Sahlin Kristoffer, Medvedev Paul
Department of Mathematics, Science for Life Laboratory, Stockholm University, 106 91, Stockholm, Sweden.
Department of Computer Science and Engineering, The Pennsylvania State University, University Park, PA, USA.
Nat Commun. 2021 Jan 4;12(1):2. doi: 10.1038/s41467-020-20340-8.

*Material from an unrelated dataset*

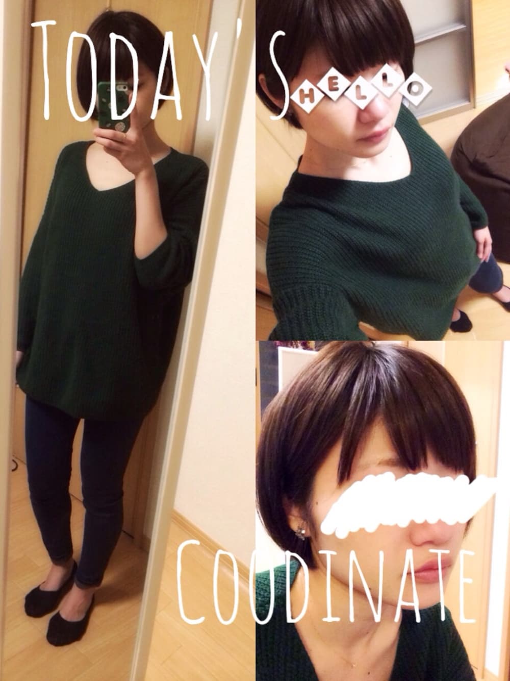 グリーンニット…titivate デニム…UNIQLO シンプルー サラっと着れる気候になりましたねー 前髪カットしました。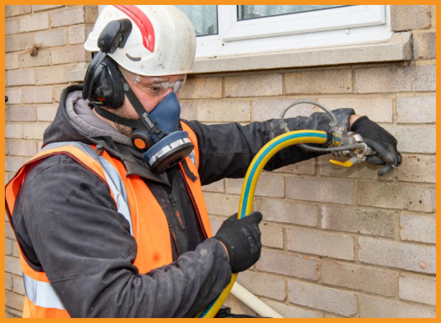 Insulation, (either mineral wool or polystyrene beads), is blown into the cavity using special equipment. Once all the insulation is in, the installer fills the holes in the brickwork so they are barely noticeable. It generally takes around two hours to insulate an average house with easily accessible walls.

Oxford Nanopore (ONT) is a leading long-read technology which has been revolutionizing transcriptome analysis through its capacity to sequence the majority of transcripts from end-to-end. This has greatly increased our ability to study the diversity of transcription mechanisms such as transcription initiation, termination, and alternative splicing. However, ONT still suffers from high error rates which have thus far limited its scope to reference-based analyses. When a reference is not available or is not a viable option due to reference-bias, error correction is a crucial step towards the reconstruction of the sequenced transcripts and downstream sequence analysis of transcripts. In this paper, we present a novel computational method to error correct ONT cDNA sequencing data, called isONcorrect. IsONcorrect is able to jointly use all isoforms from a gene during error correction, thereby allowing it to correct reads at low sequencing depths. We are able to obtain a median accuracy of 98.9-99.6%, demonstrating the feasibility of applying cost-effective cDNA full transcript length sequencing for reference-free transcriptome analysis.
牛津纳米孔(ONT)是一项领先的长读长技术,它通过对大多数转录本进行端到端测序的能力,彻底改变了转录组分析。这极大地提高了我们研究转录机制多样性的能力,如转录起始、终止和可变剪接。然而,ONT仍然存在高错误率,这迄今为止限制了其在基于参考的分析中的应用范围。当由于参考偏差而没有可用的参考序列或参考序列不可行时,纠错是重建测序转录本和进行转录本下游序列分析的关键步骤。在本文中,我们提出了一种用于纠错ONT cDNA测序数据的新型计算方法,称为isONcorrect。IsONcorrect能够在纠错过程中联合使用来自一个基因的所有异构体,从而使其能够在低测序深度下校正 reads。我们能够获得98.9 - 99.6%的中位数准确率,证明了应用具有成本效益的cDNA全长转录本测序进行无参考转录组分析的可行性。